[results-processor] will overwrite files when extracting from a ZIP

[gsnedders]

In the following:

wpt.fyi/results-processor/processor.py

Lines 200 to 210 in d6339c4

	with zipfile.ZipFile(artifact, mode='r') as z:
	for f in z.infolist():
	if f.is_dir():
	continue
	basename = posixpath.basename(f.filename)
	if fnmatch.fnmatchcase(basename, 'wpt_report*.json'):
	path = z.extract(f, path=self._temp_dir)
	self.results.append(path)
	elif fnmatch.fnmatchcase(basename, 'wpt_screenshot*.txt'):
	path = z.extract(f, path=self._temp_dir)
	self.screenshots.append(path)

There's nothing stopping us from overwriting files that already exist when extracting, and it's hard to check for in advance given ZipFile.extract does some normalization of the path.
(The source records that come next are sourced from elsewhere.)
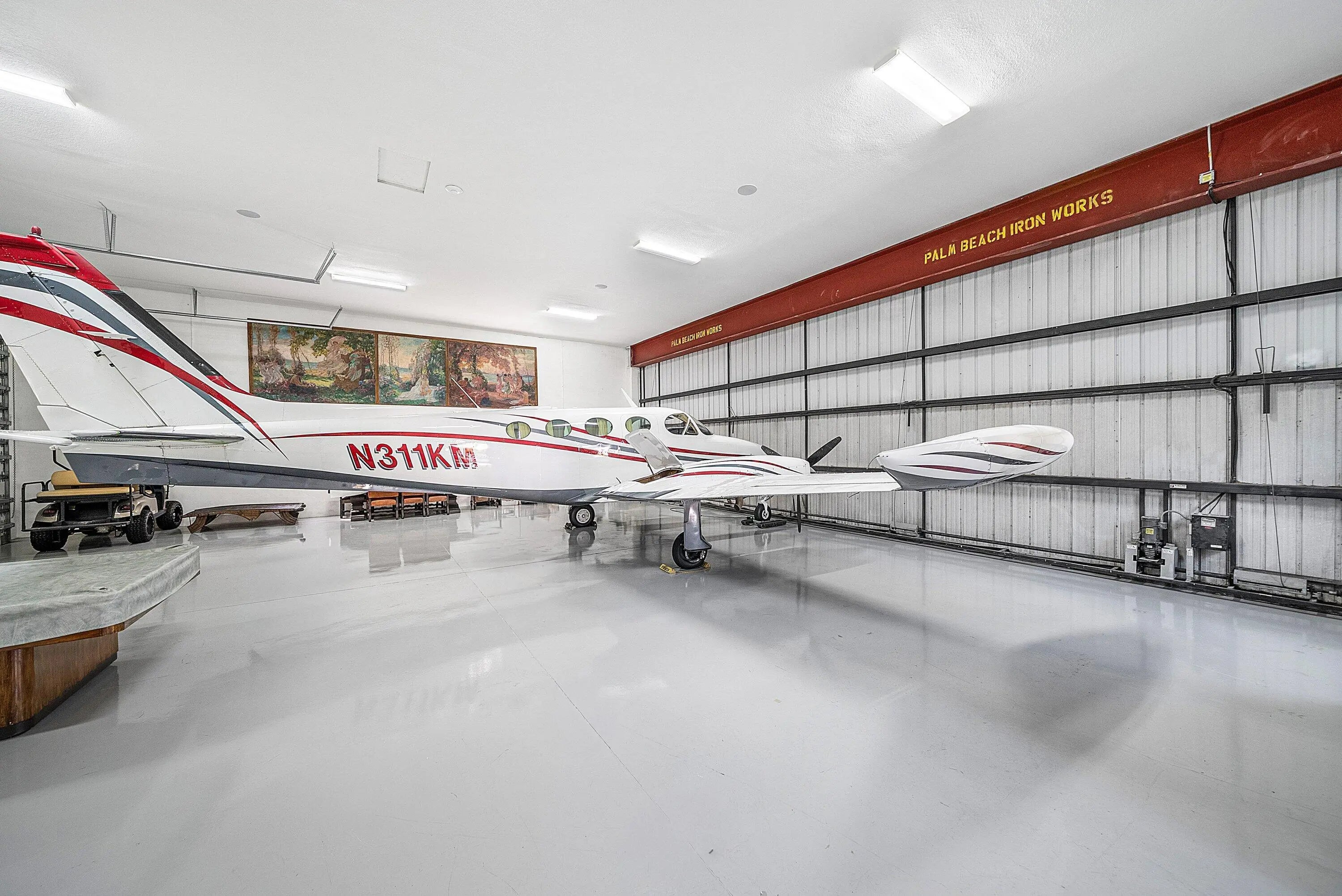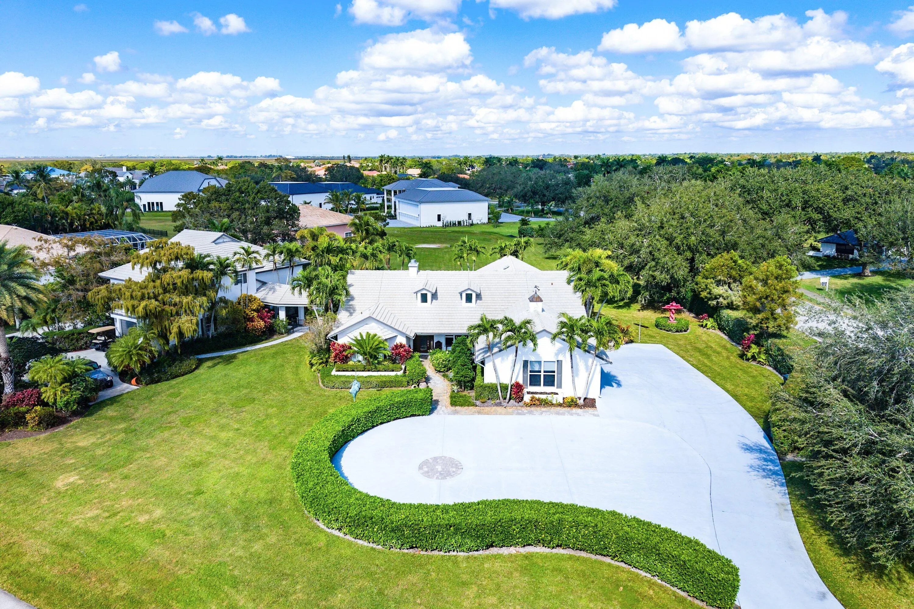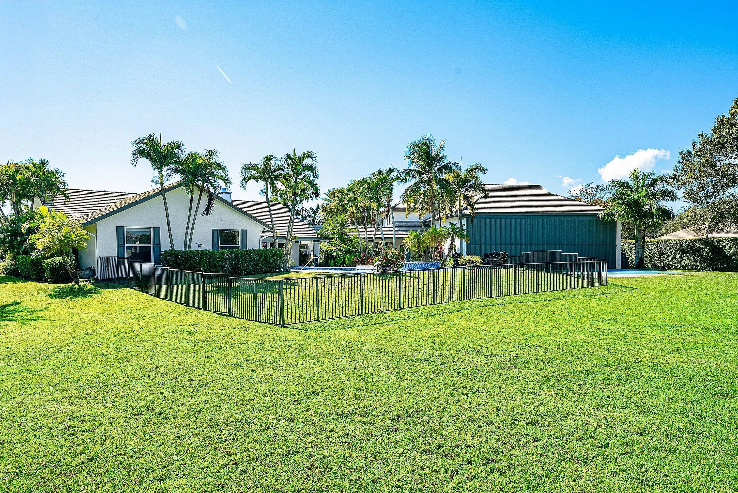 Experience unparalleled luxury and aviation lifestyle living in the prestigious Wellington Aero Club. This exceptional estate is situated on an expansive 1.43-acre oversized corner lot, offering privacy, elegance, and rare amenities for the discerning buyer. The Aero Club further elevates the experience with its 4,000-ft paved and lit runway, providing unmatched convenience for aviation enthusiasts.The residence features a sophisticated 4-bedroom, 3-bath split floorplan with an open and airy layout designed for both comfort and elevated entertaining. Step outside to an impressive covered patio overlooking the heated, saltwater pool and spa, fully automated and controllable from your phone, perfect for effortless, resort-style living.A true showpiece of the property is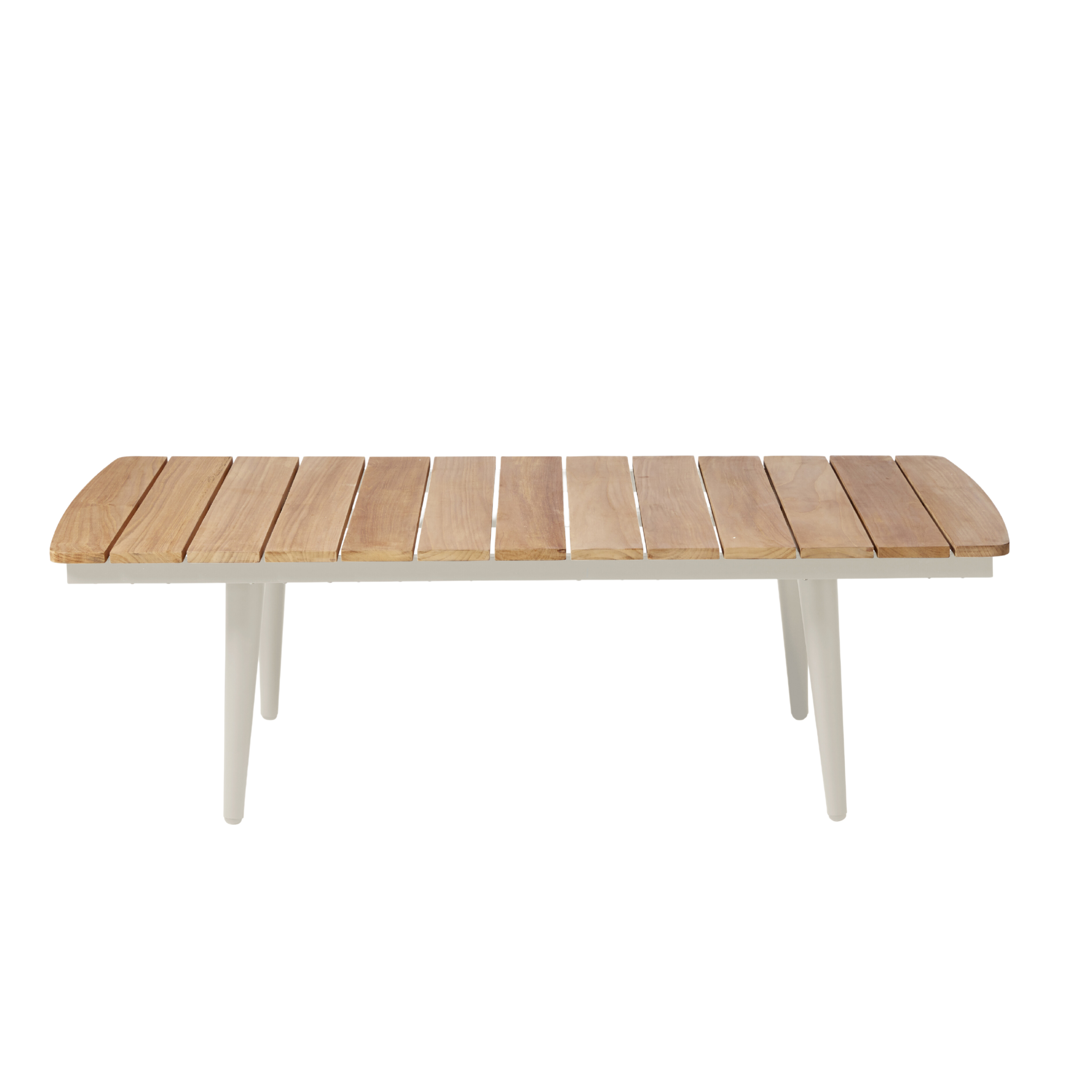 Ein schlichtes und funktionales Tischdesign, das sandfarbenes Aluminium für Leichtigkeit und Haltbarkeit mit einer Tischplatte aus exklusivem Teakholz kombiniert.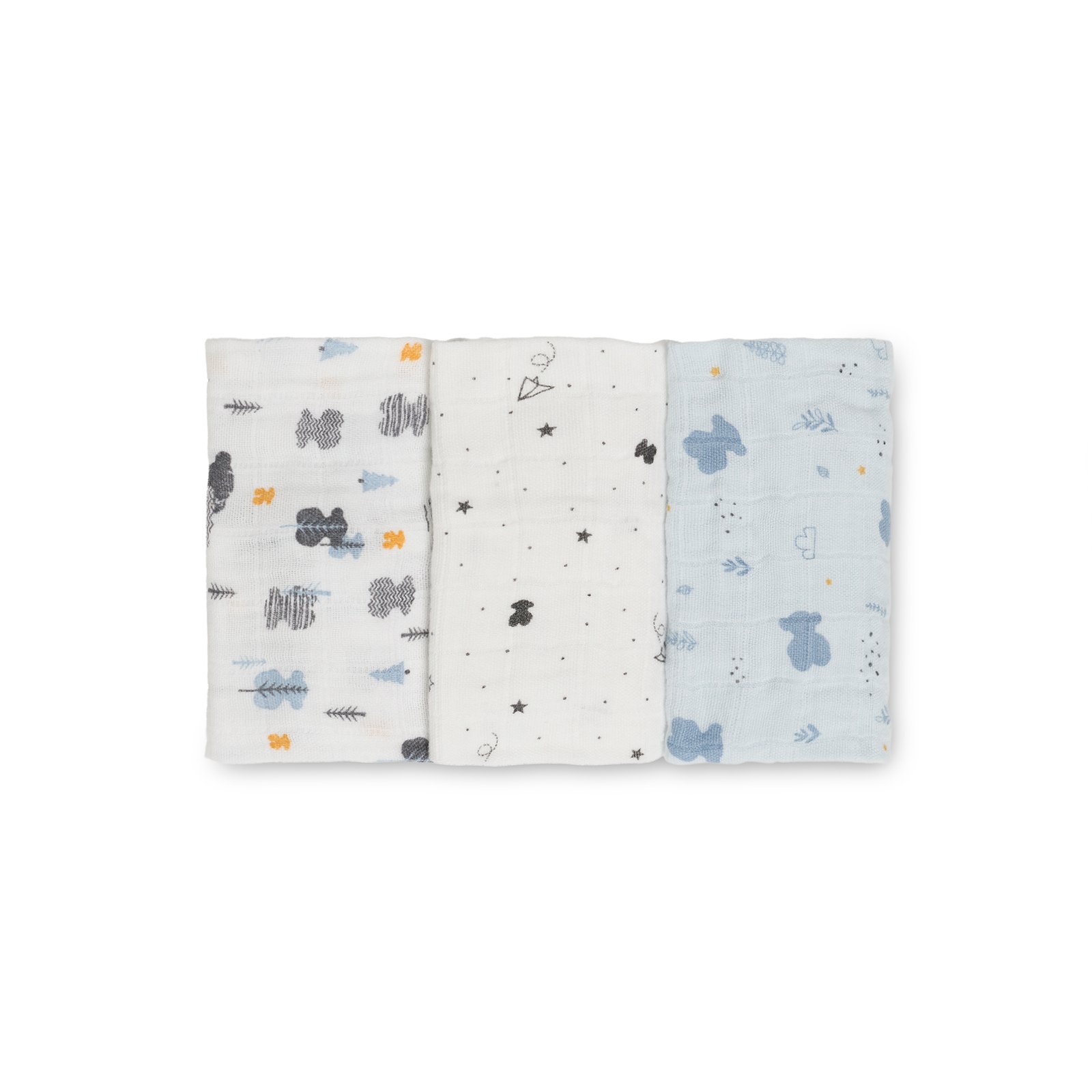 Juego de 3 muselinas TOUS Baby de suave tejido fino transpirable anti alergénica multi estampadas. Ideal para el cuidado del bebé y para diversos usos. COMPOSICIÓN: 53%Algodón 47%Viscosa. MED.: 38x38cm. Color rosa. Certificado OEKO/TEX*. Fabricado en la UE.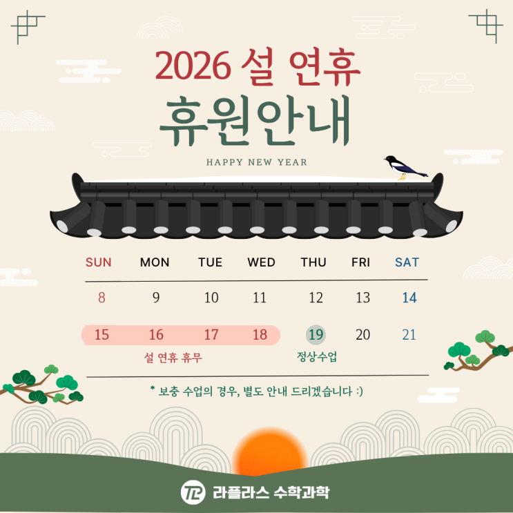 [라플라스 수학학원] 설 연휴 휴무 안내☀️
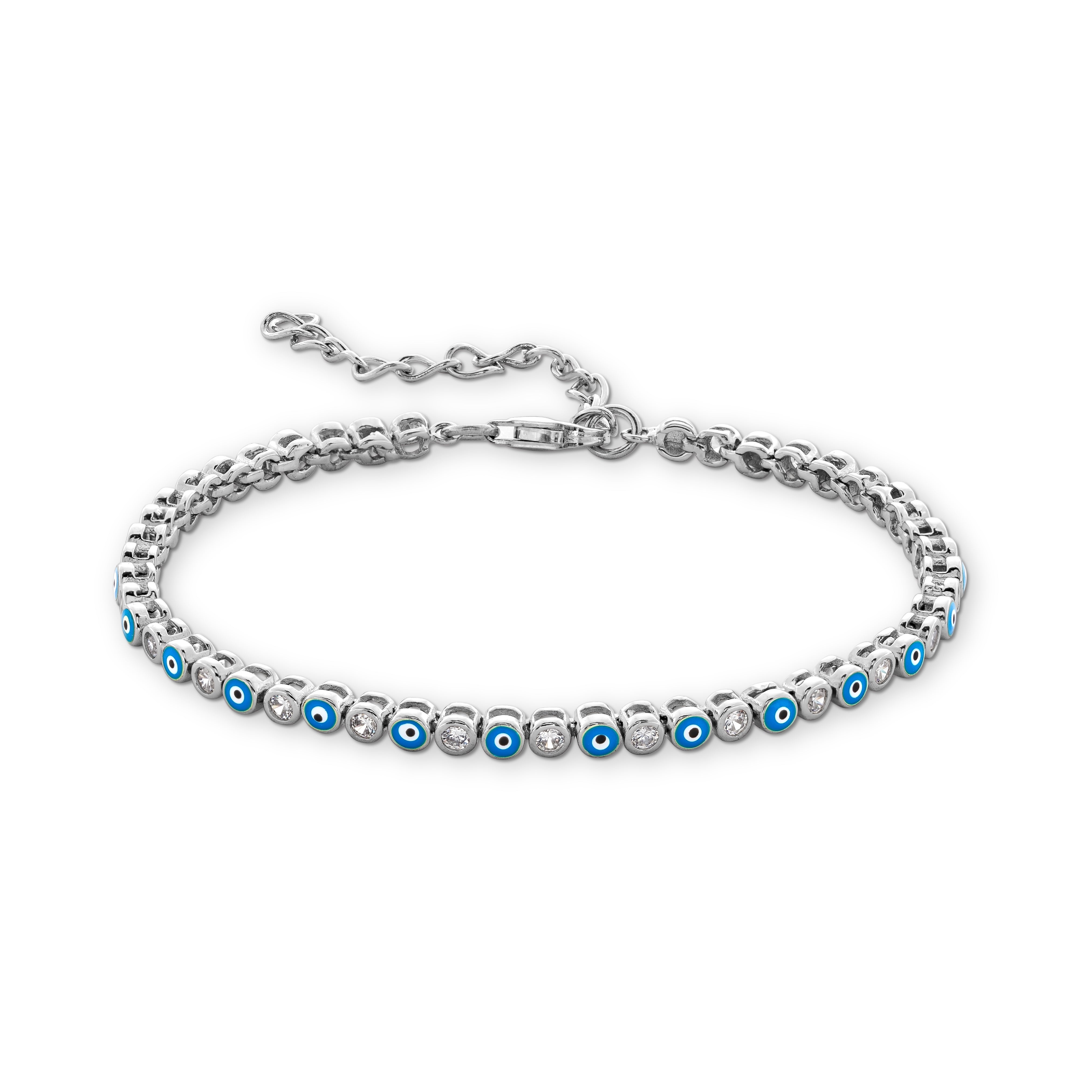 Embarcadero Evil Eye CZ Tennis Bracelet in Blue & Rhodium over Sterling Silver

This would be bad if someone uploaded archive1.zip and archive2.zip, both containing wptreport.json and wptscreenshot.txt, which feels like a totally sensible thing to do.

We should probably just create a new temporary directory within self._temp_dir (via tempdir.mkdtemp(dir=self._temp_dir) for each archive file we're processing, and extract into that. This still isn't totally safe, but for there to be any risk you really need someone trying to be malicious.